In patients using medication, antidepressants were used for a mean of 20 days a year and benzodiazepines for 9 days a year compared with 5 and 4 days, respectively, in controls. However, these findings do not reach statistical significance. Moreover, there is no difference in prescribed daily dose for patients and controls.
Discussion
Strengths and limitations of this study
The strength of the present study is that the patients who were included were those who consulted their GP, irrespective of the presented symptoms. Therefore, a threshold of relevance of the symptoms for the patient was established and we were able to analyse all symptoms presented.

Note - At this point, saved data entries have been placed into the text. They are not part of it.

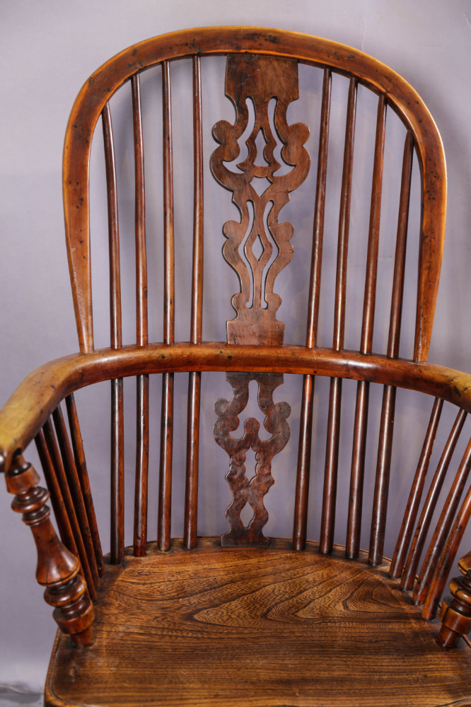 A very Rare High Back Windsor Chairin Yew wood with an Elm Seat Probably by John and Elizabeth Gabbitass a prominant Chair Maker of Worksop Nottinghamshire. This chair has all the hallmarks of the gabbitass tradition of highest quality Windsor CHairs in addition it has turned and shaped rear crinoline stretcher supports something i have never seen before. the leg turnings and splat piercings are the best. a super chair in Excellent condition, it has a very pleasing colour and patina and has only been waxed prior to selling
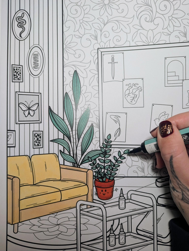 Mes affiches à colorier sont de petits univers à explorer : une boutique, un intérieur, un décor chaleureux, des ambiances riches en détails mais toujours harmonieuses, pour offrir un support qui invite à se poser et laisser votre créativité faire le reste.
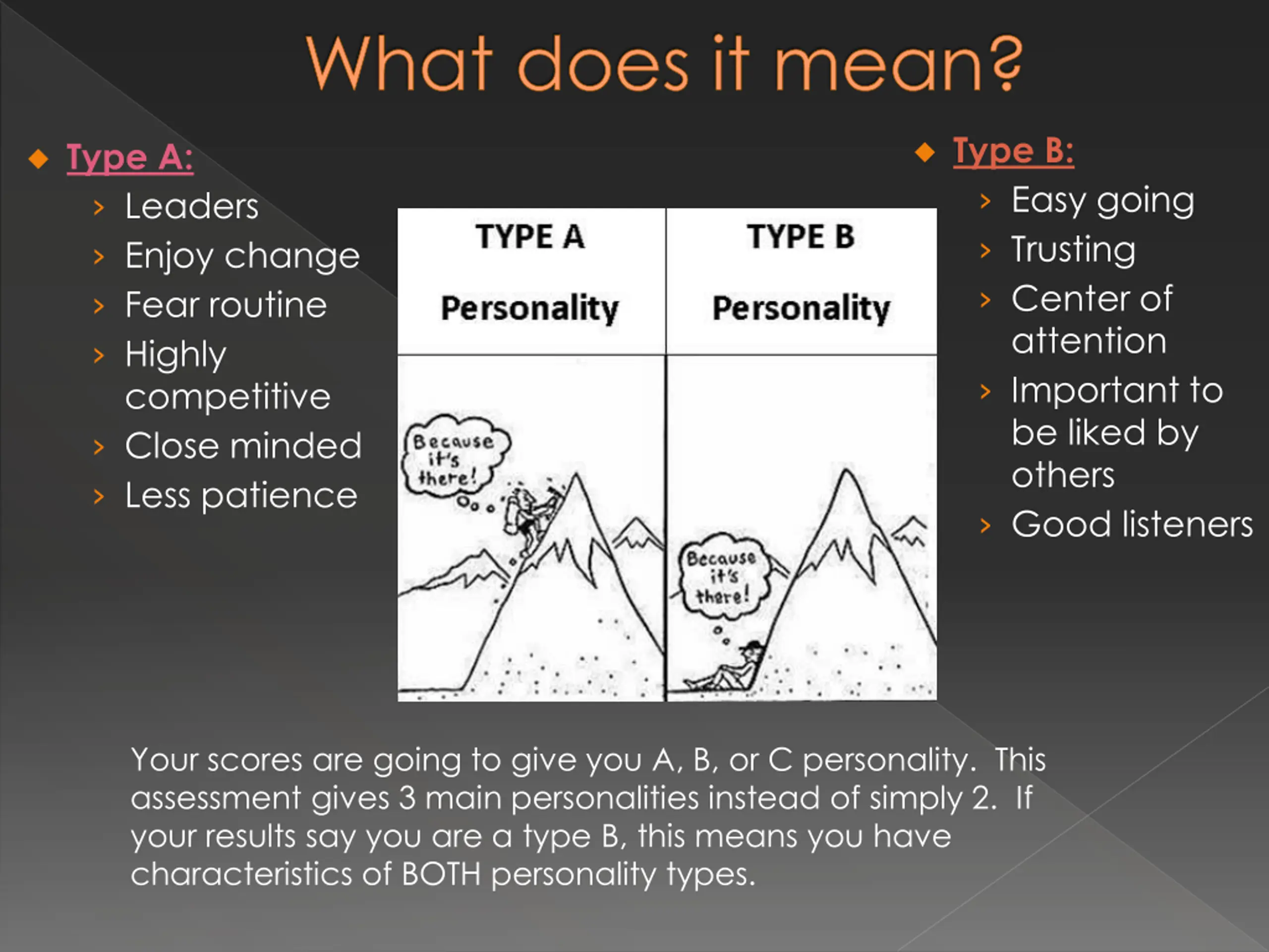 What does it mean? Type B: Easy going Trusting Center of attention Important to be liked by others Good listeners Type A: Leaders Enjoy change Fear routine Highly competitive Close minded Less patience Your scores are going to give you A, B, or C personality. This assessment gives 3 main personalities instead of simply 2. If your results say you are a type B, this means you have characteristics of BOTH personality types.
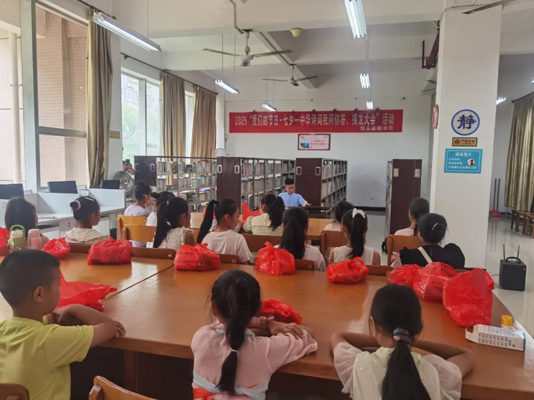 为弘扬中华优秀传统文化,融安县图书馆于2025年8月29日成功举办“我们的节日·七夕——中华诗词我问你答接龙大会”活动。活动以诗词为媒,传承七夕文化,增强公共文化服务影响力,吸引了众多亲子家庭与学生读者踊跃参与。

Most population-based studies assess all symptoms irrespective of the perceived need for help.10,16,17 Moreover, in popul-ation-based studies, interviewing patients repeatedly does not lead to a consistent classification of somatoform disorders,18 whereas our classification of the presented morbidity is based on very stable data,29,34 in which longitudinal research is allowed and recall bias will not occur.
The limitations of the study are the retrospective use of data in existing medical records and the possible interdoctor variation of the diagnosis of chronic functional somatic symptoms.35 The interdoctor variation is partly a con-sequence of not having explicitly stated criteria for chronic functional somatic symptoms in the CMR. This subjectivity will possibly always exist because diagnosing chronic functional somatic symptoms remains an interpretation of the symptoms, and is influenced by foreknowledge and context.27 However, it is known from the literature that the GP's judgement on somatisation seems valid in daily practice. Moreover, additional validation of clinical judgement is possible through longitudinal follow-up.36 The subjectivity of the diagnosis and the doctor–patient relationship also make important contributions to the genesis and persistence of functional somatic symptoms.37 The doctor's knowledge of the patient's complaints is an important issue and is associated with a better outcome.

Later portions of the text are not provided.